===== Data listing

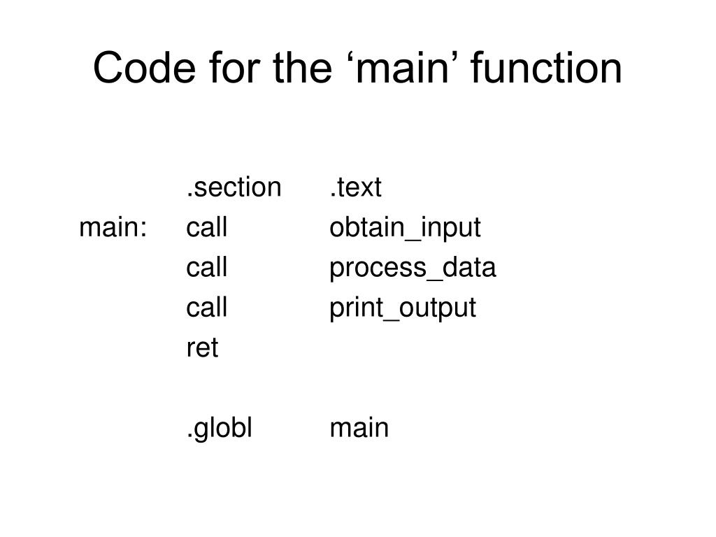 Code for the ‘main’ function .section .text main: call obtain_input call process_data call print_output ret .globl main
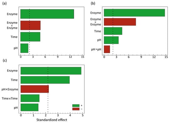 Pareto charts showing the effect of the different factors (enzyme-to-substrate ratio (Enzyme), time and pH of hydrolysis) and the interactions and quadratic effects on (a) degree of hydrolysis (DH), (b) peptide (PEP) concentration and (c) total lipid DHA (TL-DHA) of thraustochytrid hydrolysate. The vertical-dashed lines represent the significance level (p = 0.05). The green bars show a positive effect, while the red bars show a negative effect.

==========
===== Data listing

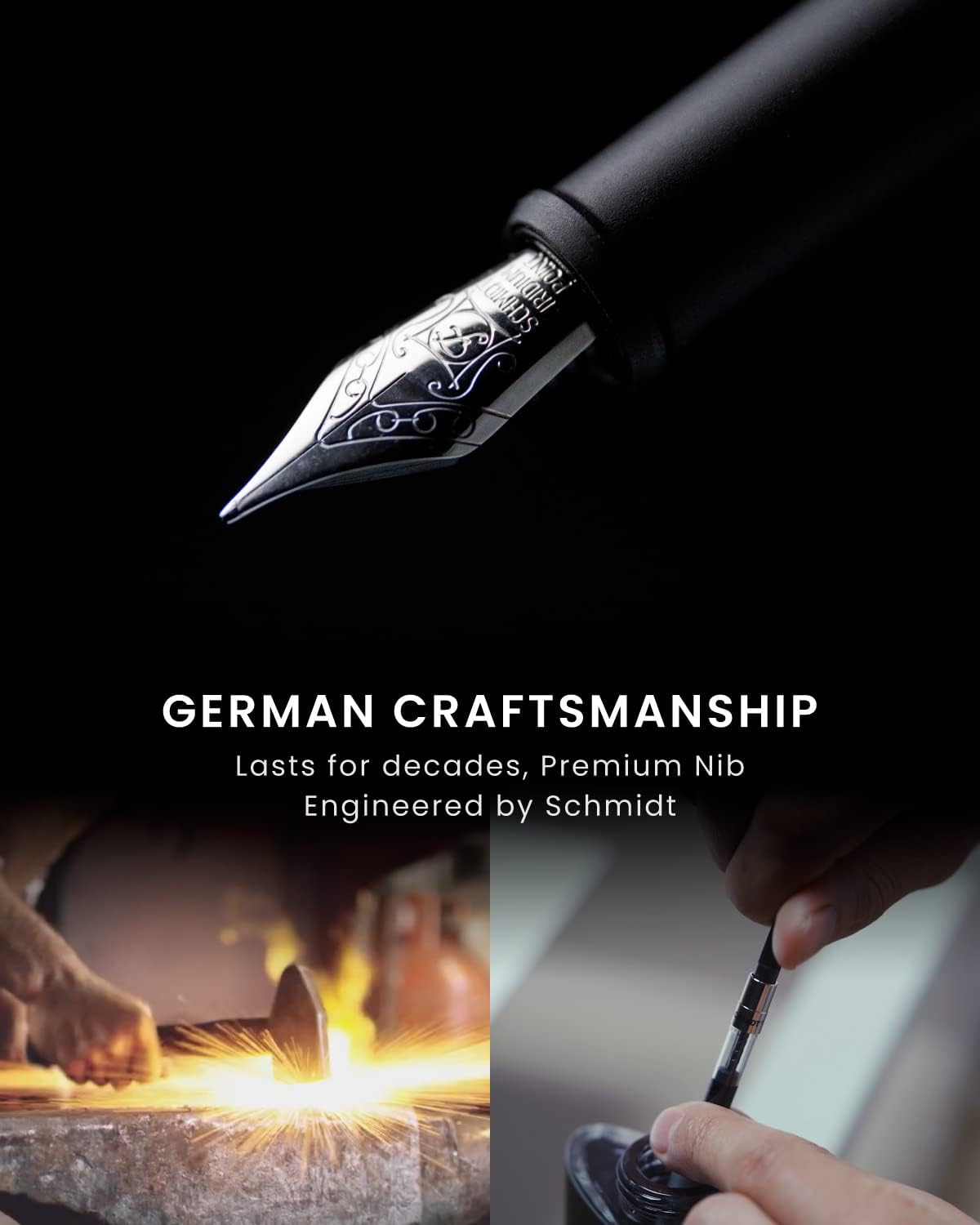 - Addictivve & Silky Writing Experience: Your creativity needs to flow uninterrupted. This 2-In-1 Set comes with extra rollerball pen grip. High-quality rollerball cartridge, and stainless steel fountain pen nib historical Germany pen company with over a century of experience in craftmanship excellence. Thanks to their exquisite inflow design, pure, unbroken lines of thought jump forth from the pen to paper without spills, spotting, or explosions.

==========

## Your assignment
Going by the data above, give back only the lines from the one containing "Code for the" through the one containing "Pareto charts showing", exactly as they stand, both ends included and no images.

## Problem solution
 Code for the ‘main’ function .section .text main: call obtain_input call process_data call print_output ret .globl main
 Pareto charts showing the effect of the different factors (enzyme-to-substrate ratio (Enzyme), time and pH of hydrolysis) and the interactions and quadratic effects on (a) degree of hydrolysis (DH), (b) peptide (PEP) concentration and (c) total lipid DHA (TL-DHA) of thraustochytrid hydrolysate. The vertical-dashed lines represent the significance level (p = 0.05). The green bars show a positive effect, while the red bars show a negative effect.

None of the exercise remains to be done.